ABOUT THIS EXERCISE: Transcribe all the records exactly and omit any images they hold.

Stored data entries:
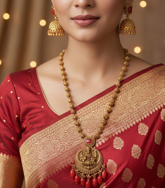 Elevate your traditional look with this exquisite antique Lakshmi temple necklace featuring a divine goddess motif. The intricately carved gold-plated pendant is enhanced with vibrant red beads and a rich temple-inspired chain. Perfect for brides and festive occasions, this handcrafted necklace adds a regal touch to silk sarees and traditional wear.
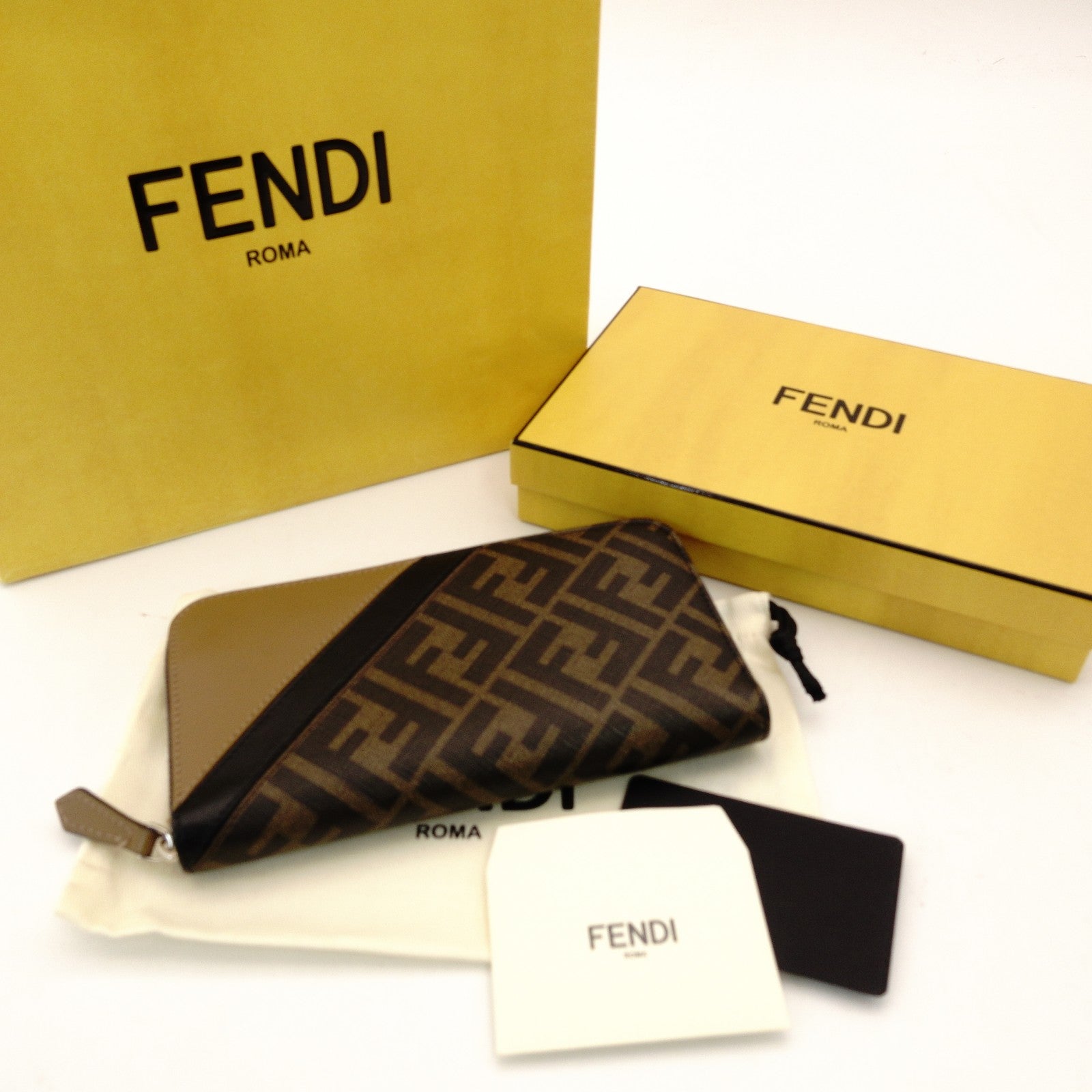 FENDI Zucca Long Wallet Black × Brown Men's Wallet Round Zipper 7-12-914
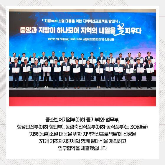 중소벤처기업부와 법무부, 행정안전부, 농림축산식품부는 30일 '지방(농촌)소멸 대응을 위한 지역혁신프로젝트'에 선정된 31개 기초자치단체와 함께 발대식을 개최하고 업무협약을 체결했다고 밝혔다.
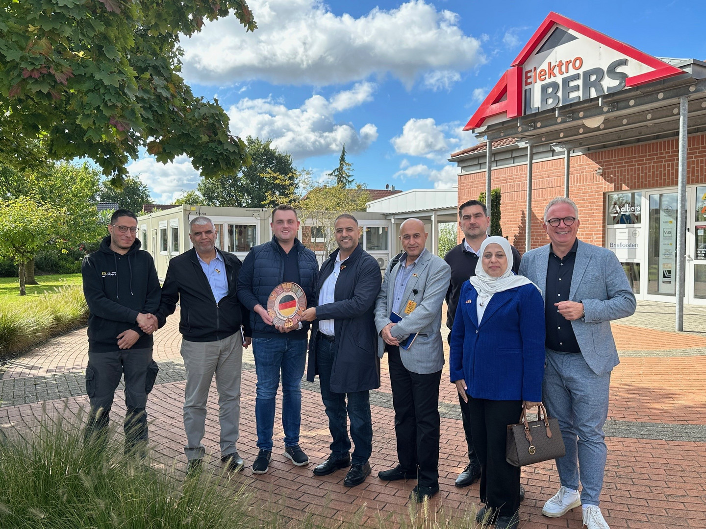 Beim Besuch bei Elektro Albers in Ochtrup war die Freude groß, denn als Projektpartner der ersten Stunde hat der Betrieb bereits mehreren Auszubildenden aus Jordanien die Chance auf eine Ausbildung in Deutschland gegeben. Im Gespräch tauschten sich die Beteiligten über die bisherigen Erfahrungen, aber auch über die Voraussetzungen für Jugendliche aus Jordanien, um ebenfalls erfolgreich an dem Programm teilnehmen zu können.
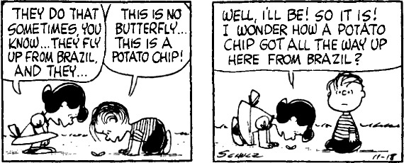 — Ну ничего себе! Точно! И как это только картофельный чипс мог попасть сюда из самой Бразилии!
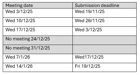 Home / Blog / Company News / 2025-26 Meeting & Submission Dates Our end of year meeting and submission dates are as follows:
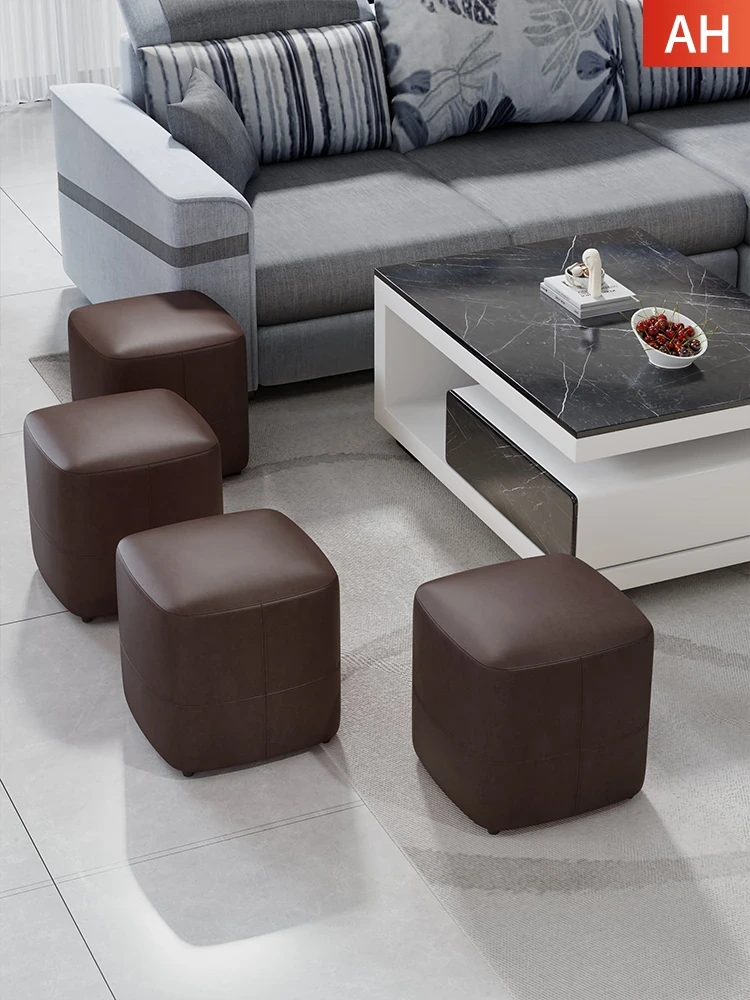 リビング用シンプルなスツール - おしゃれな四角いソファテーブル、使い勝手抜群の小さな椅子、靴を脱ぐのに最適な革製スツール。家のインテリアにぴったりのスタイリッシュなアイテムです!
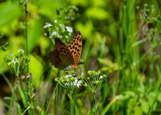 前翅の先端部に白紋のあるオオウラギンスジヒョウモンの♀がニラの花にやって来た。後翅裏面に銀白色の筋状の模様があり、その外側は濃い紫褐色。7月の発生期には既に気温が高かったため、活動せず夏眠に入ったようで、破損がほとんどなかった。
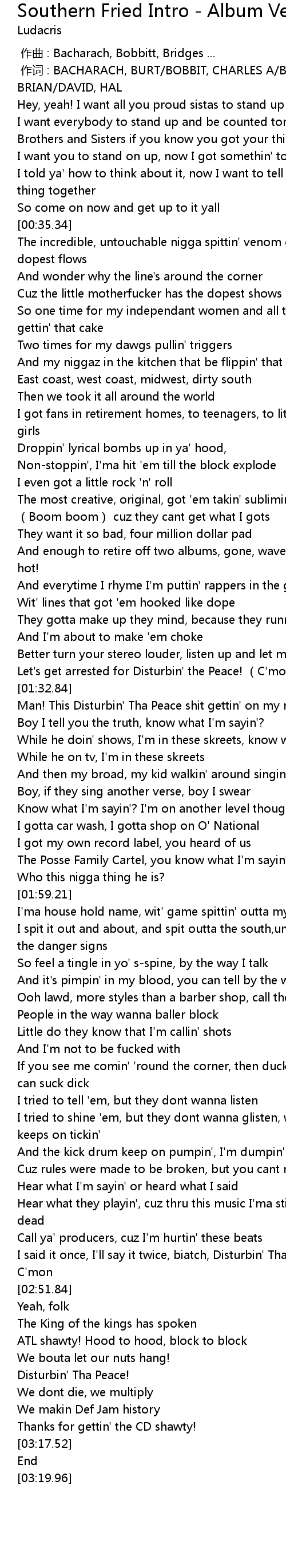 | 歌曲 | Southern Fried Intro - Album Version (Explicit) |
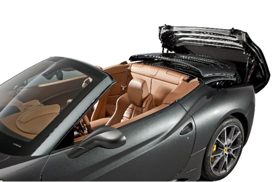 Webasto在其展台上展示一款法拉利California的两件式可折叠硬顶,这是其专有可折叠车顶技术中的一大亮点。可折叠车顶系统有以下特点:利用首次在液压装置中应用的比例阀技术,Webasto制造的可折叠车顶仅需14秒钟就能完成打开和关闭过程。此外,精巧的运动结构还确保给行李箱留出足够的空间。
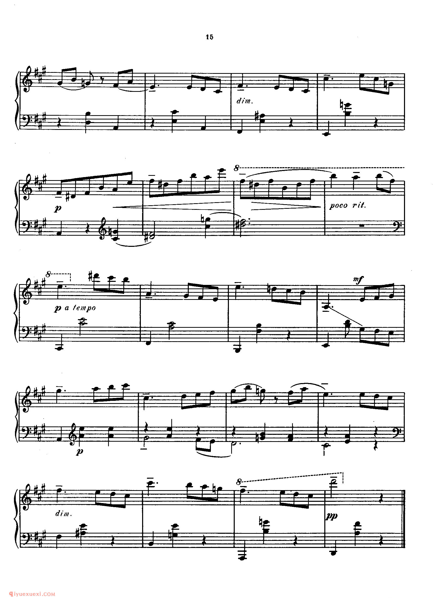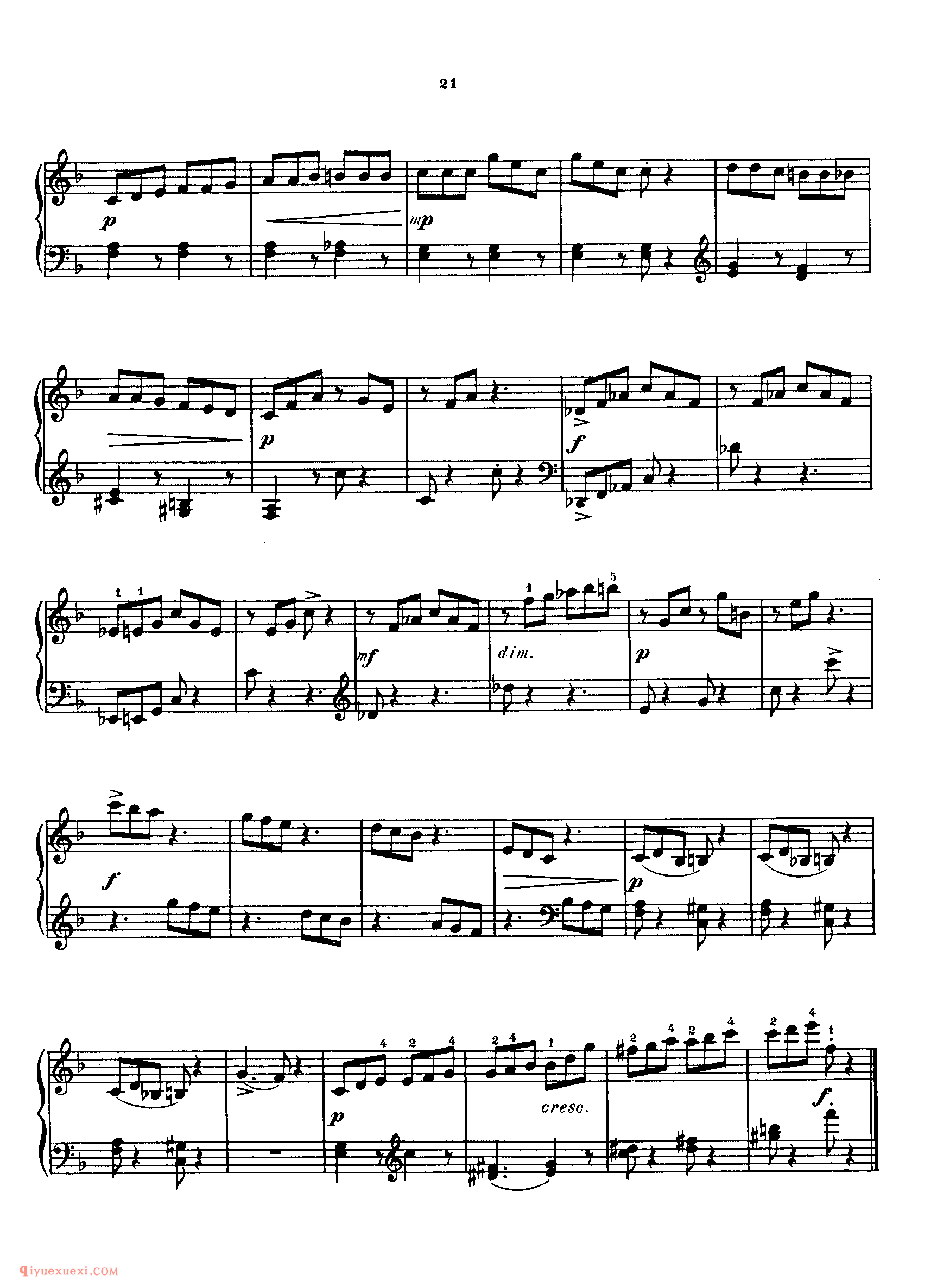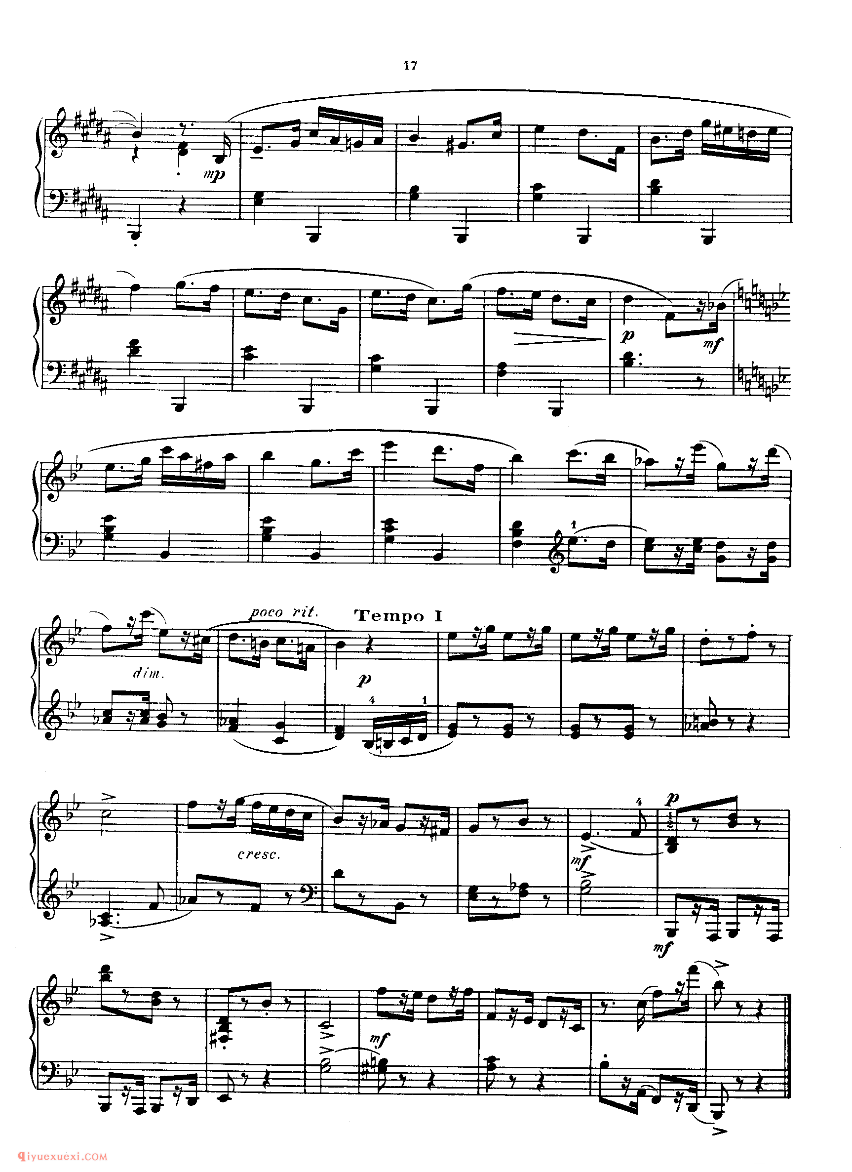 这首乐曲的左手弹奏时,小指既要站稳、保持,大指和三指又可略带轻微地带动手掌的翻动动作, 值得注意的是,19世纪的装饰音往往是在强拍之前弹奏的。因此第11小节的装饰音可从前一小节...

RESPONSE AREA:
 Elevate your traditional look with this exquisite antique Lakshmi temple necklace featuring a divine goddess motif. The intricately carved gold-plated pendant is enhanced with vibrant red beads and a rich temple-inspired chain. Perfect for brides and festive occasions, this handcrafted necklace adds a regal touch to silk sarees and traditional wear.
 FENDI Zucca Long Wallet Black × Brown Men's Wallet Round Zipper 7-12-914
 중소벤처기업부와 법무부, 행정안전부, 농림축산식품부는 30일 '지방(농촌)소멸 대응을 위한 지역혁신프로젝트'에 선정된 31개 기초자치단체와 함께 발대식을 개최하고 업무협약을 체결했다고 밝혔다.
 Beim Besuch bei Elektro Albers in Ochtrup war die Freude groß, denn als Projektpartner der ersten Stunde hat der Betrieb bereits mehreren Auszubildenden aus Jordanien die Chance auf eine Ausbildung in Deutschland gegeben. Im Gespräch tauschten sich die Beteiligten über die bisherigen Erfahrungen, aber auch über die Voraussetzungen für Jugendliche aus Jordanien, um ebenfalls erfolgreich an dem Programm teilnehmen zu können.
 — Ну ничего себе! Точно! И как это только картофельный чипс мог попасть сюда из самой Бразилии!
 Home / Blog / Company News / 2025-26 Meeting & Submission Dates Our end of year meeting and submission dates are as follows:
 リビング用シンプルなスツール - おしゃれな四角いソファテーブル、使い勝手抜群の小さな椅子、靴を脱ぐのに最適な革製スツール。家のインテリアにぴったりのスタイリッシュなアイテムです!
 前翅の先端部に白紋のあるオオウラギンスジヒョウモンの♀がニラの花にやって来た。後翅裏面に銀白色の筋状の模様があり、その外側は濃い紫褐色。7月の発生期には既に気温が高かったため、活動せず夏眠に入ったようで、破損がほとんどなかった。
 | 歌曲 | Southern Fried Intro - Album Version (Explicit) |
 Webasto在其展台上展示一款法拉利California的两件式可折叠硬顶,这是其专有可折叠车顶技术中的一大亮点。可折叠车顶系统有以下特点:利用首次在液压装置中应用的比例阀技术,Webasto制造的可折叠车顶仅需14秒钟就能完成打开和关闭过程。此外,精巧的运动结构还确保给行李箱留出足够的空间。
 这首乐曲的左手弹奏时,小指既要站稳、保持,大指和三指又可略带轻微地带动手掌的翻动动作, 值得注意的是,19世纪的装饰音往往是在强拍之前弹奏的。因此第11小节的装饰音可从前一小节...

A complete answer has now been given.